Иван Федорович молчал и с интересом смотрел на обоих, не зная, какую сторону занять. И с женой спорить опасно. И картина, нарисованная приятелем, верна в деталях.
– Вы совсем обед испортили, – вечером вчиняла мужу иск Елизавета Андреевна. – Сам говорил дружить с Паскевичем, сам ему слова не дал сказать.
– Прости, душа, – Шурка искренне расстроился. – Но не всякий день встретишь даму, которой интересно…
«Ах так!» Жена легла, отвернувшись к стене.
– Ты вообще чего? Она страшная.
– Иван Федорович тоже не красавец. И, кстати, ни слова не понял из вашей болтовни.
Неправда. Паскевич, конечно, наел щеки, растянувшие к ушам прежние морщины, и стал походить на довольного кота, которому позволили греться на солнце, давали блюдечко молока и чесали брюхо. Но Шурка знал, как вспыльчив и впечатлителен этот человек. Еще молодым, получив первый полк, он ринулся его обустраивать и слег с нервной горячкой. Его сегодняшнее молчание не было признаком тупости или незнакомства с предметом.

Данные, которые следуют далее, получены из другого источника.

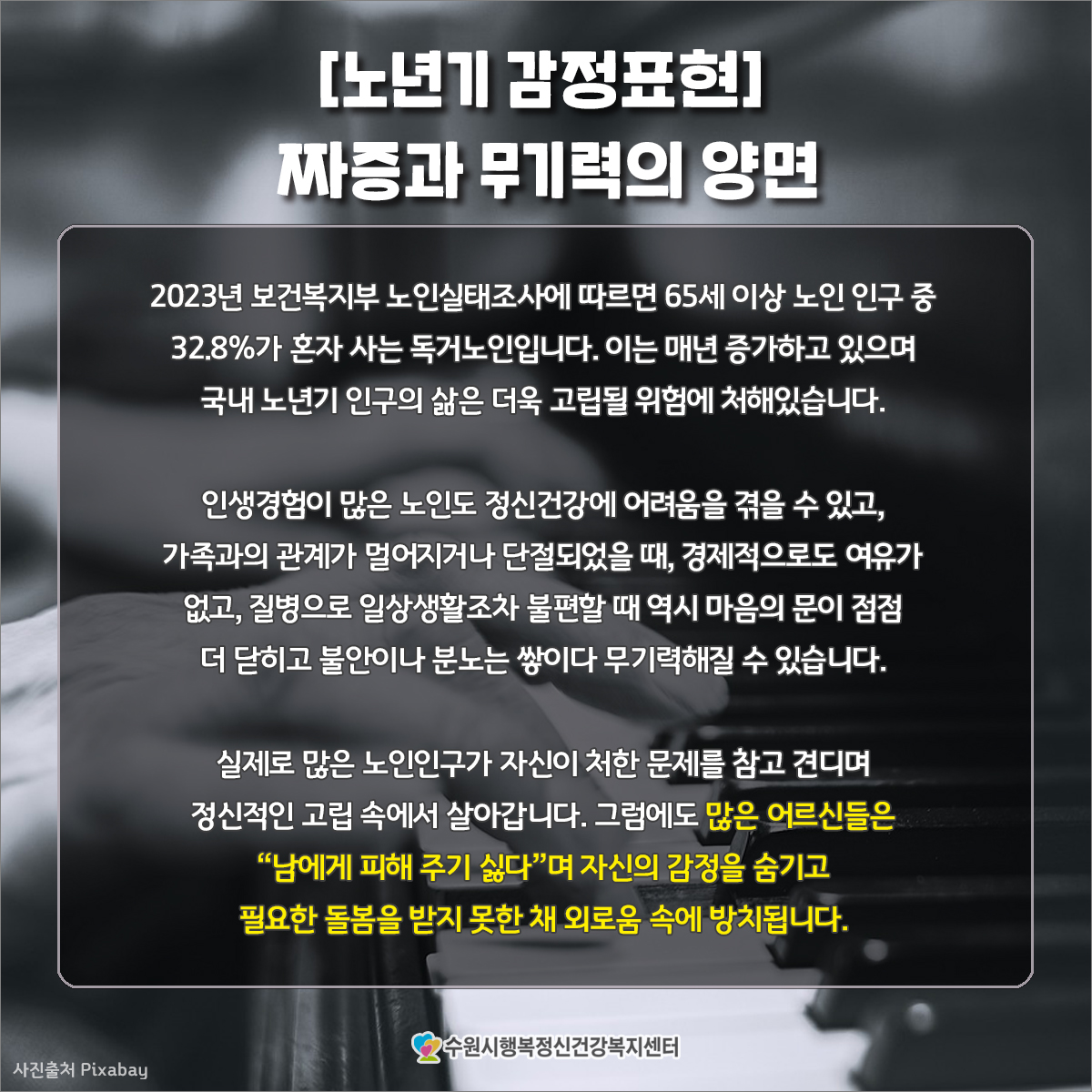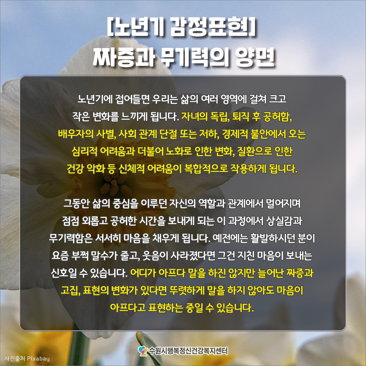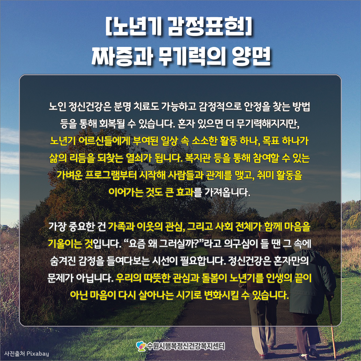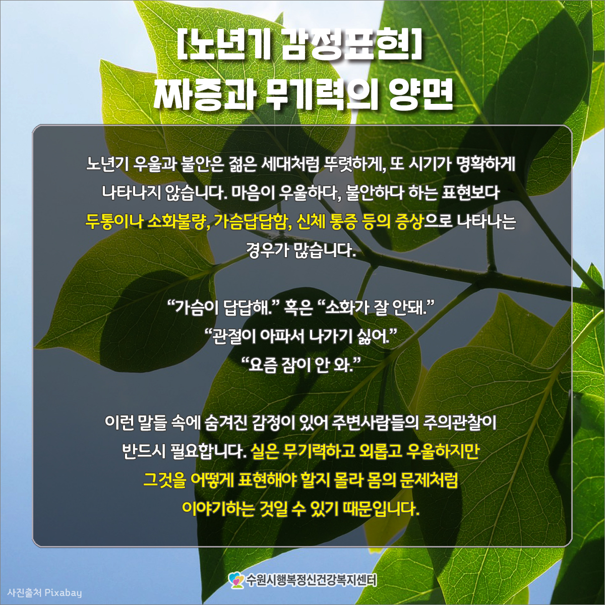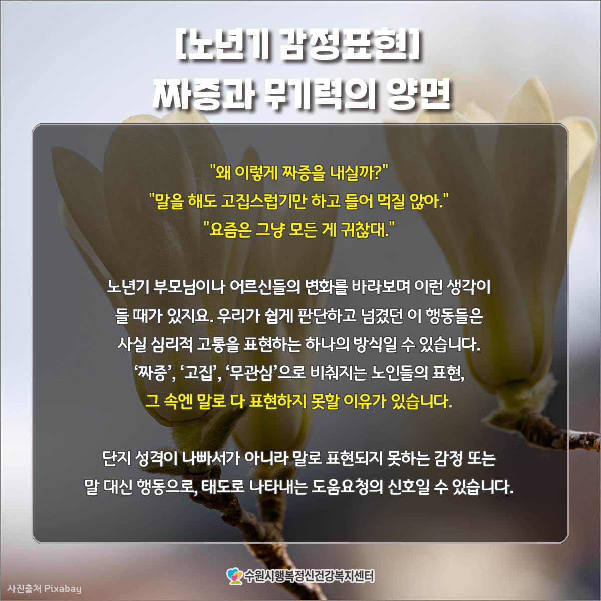 예전에는 활발하시던 분이 요즘 부쩍 말수가 줄고, 웃음이 사라졌다면 그건 지친 마음이 보내는 신호일 수 있습니다. 어디가 아프다 말을 하진 않지만 늘어난 짜증과 고집, 표현의 변화가 있다면 뚜렷하게 말을 하지 않아도 마음이 아프다고 표현하는 중일 수 있습니다.

– Он знает столько, что у меня бы в голову не влезло, – сказал муж. – Пажеского корпуса для внука его деду показалось мало. И старик нанял Мартынова, лингвиста, был такой известный в моем детстве. Обучать словесности.
– Найми мне кого-нибудь, – попросила жена. – А то я у тебя дура дурой.

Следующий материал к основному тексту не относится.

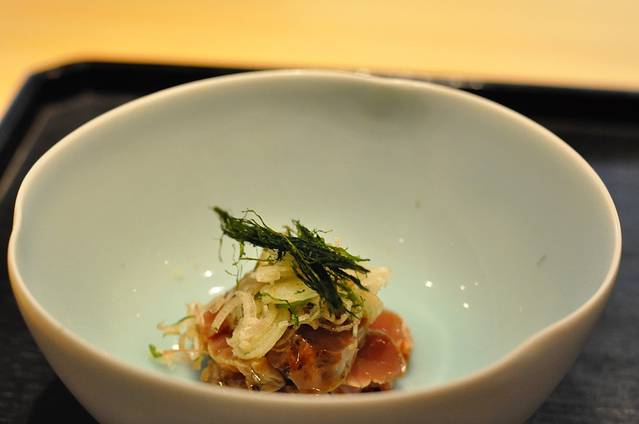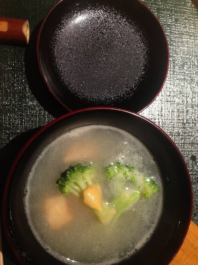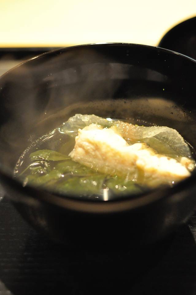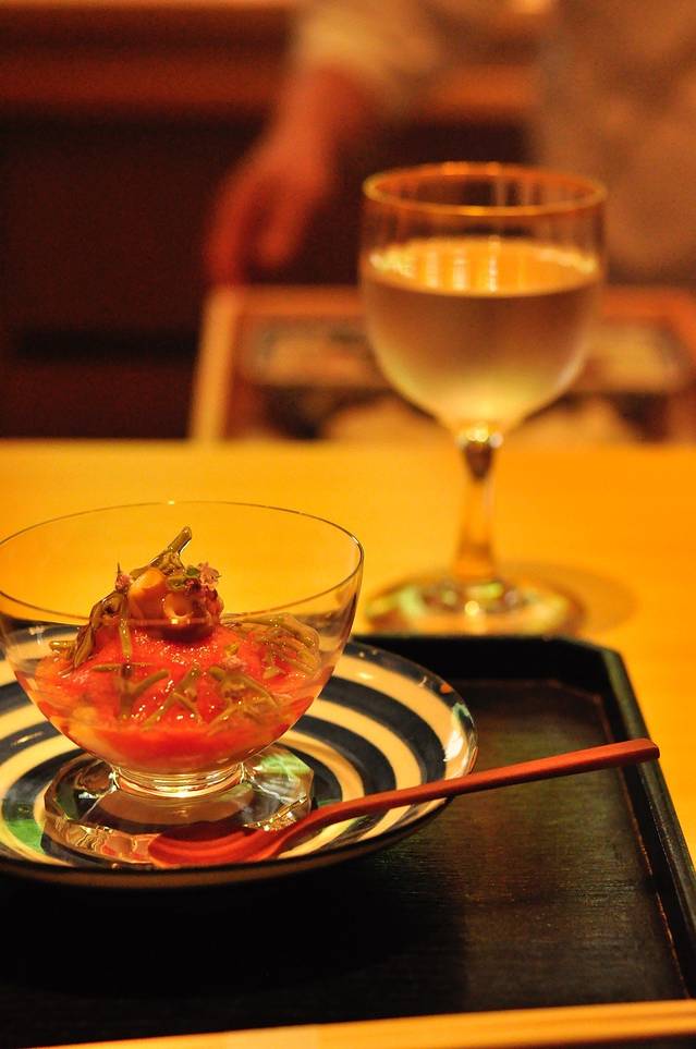 第一道,西红柿、莼菜混合什么忘了,只记得冰凉的感觉棒极了,太适合我一身厚厚的和服很解暑

По должности Бенкендорф был обязан присутствовать на утренних вахтпарадах перед Зимним. Нудная процедура – церемониальный развод караулов. Их следует расставить по местам и осмотреть, все ли ладно. Затем учения на плацу, маршировка и перестроения. Никогда он не был охотником до балета со шпорами. Но вот пришлось.
Перед желтым[60], выкрашенным по моде, расстрелиевским чудовищем выстроились в четыре шеренги будущие караульные. А впереди, под самими стенами Главного штаба, рядами стояли полки. Издалека хорошо были видны высокие султаны на киверах: черные, красные, белые. Их линии тянулись аж за сквер, разбитый от Адмиралтейства до Манежа и украшенный молодыми пирамидально постриженными липками.

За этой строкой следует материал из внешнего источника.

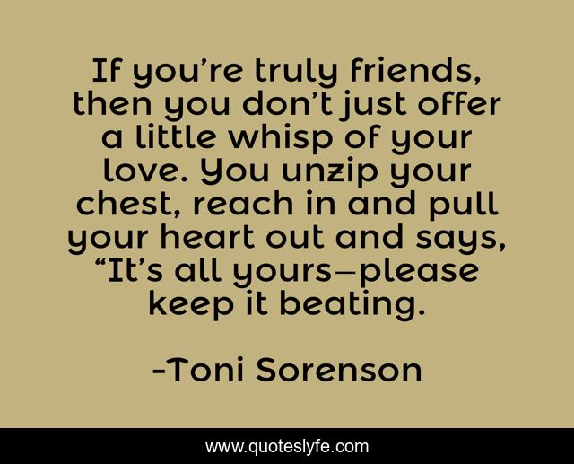 This page presents the quote "If you’re truly friends, then you don’t just offer a little whisp of your love. You unzip your chest, reach in and pull your heart out and says, “It’s all yours—please keep it beating.". Author of this quote is Toni Sorenson. .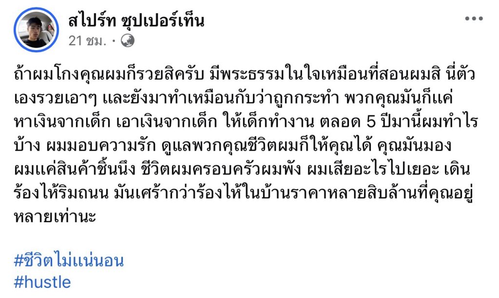 โดยโพสต์ข้อความว่า ”ถ้าผมโกงคุณผมก็รวยสิครับ มีพระธรรมในใจเหมือนที่สอนผมสิ นี่ตัวเองรวยเอาๆ เเละยังมาทำเหมือนกับว่าถูกกระทำ พวกคุณมันก็เเค่หาเงินจากเด็ก เอาเงินจากเด็ก ให้เด็กทำงาน ตลอด 5 ปีมานี้ผมทำไรบ้าง ผมมอบความรัก ดูแลพวกคุณชีวิตผมก็ให้คุณได้ คุณมันมองผมเเค่สินค้าชิ้นนึง ชีวิตผมครอบครัวผมพัง ผมเสียอะไรไปเยอะ เดินร้องไห้ริมถนน มันเศร้ากว่าร้องไห้ในบ้านราคาหลายสิบล้านที่คุณอยู่ หลายเท่านะ #ชีวิตไม่เเน่นอน #hustle“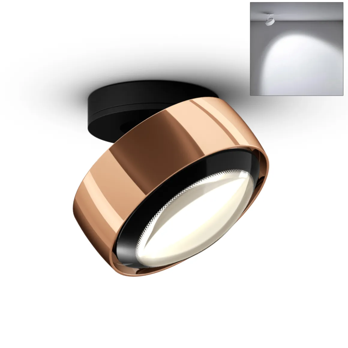 - Deckenstrahler mit soft edge Glas für ein gerichtetes Licht mit weichem, doppelkonturigem Lichtkegel (Ausstrahlungswinkel ca. 80°)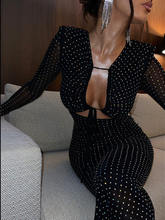 Elegant Sequin Sparkle Maxi Dress For Women Hollow Out Sheer Long Sleeve Bodycon Club Party Long Dress
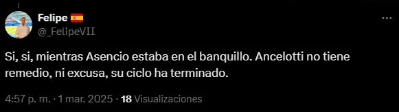 Otros hinchas también hasta deslizaron la chance de que Ancelotti deje su cargo como entrenador. “Asencio en el banquillo. Ancelotti no tiene remedio, ni excusa, su ciclo ha terminado“, opinó un fanático. “A fin de temporada creo que ya no debe seguir“, tiró otro.

Поглазеть на вахтпарад собиралась публика. Приезжали открытые экипажи. Из Летнего сада приходили кормилицы с младенцами. В толпе сновали разносчики пирогов и сбитня. Шурка дорого бы дал, чтобы глотнуть сейчас горячей пены и закусить мятным пряником. Увы. Он вынужден был в сопровождении собственных штабных офицеров скорым шагом пройти мимо вытянувшейся шеренги, цепким взглядом выхватывая неполадки и на ходу устраняя их.
«Втяни живот! Застегни верхнюю пуговицу на воротнике! Прикрой достоинство барабаном! Офицерам на шаг вперед! Не подпирать спиной собственный полк!» Боже, как он это ненавидел, когда сам, запыхавшись, влетал в строй буквально на последней минуте.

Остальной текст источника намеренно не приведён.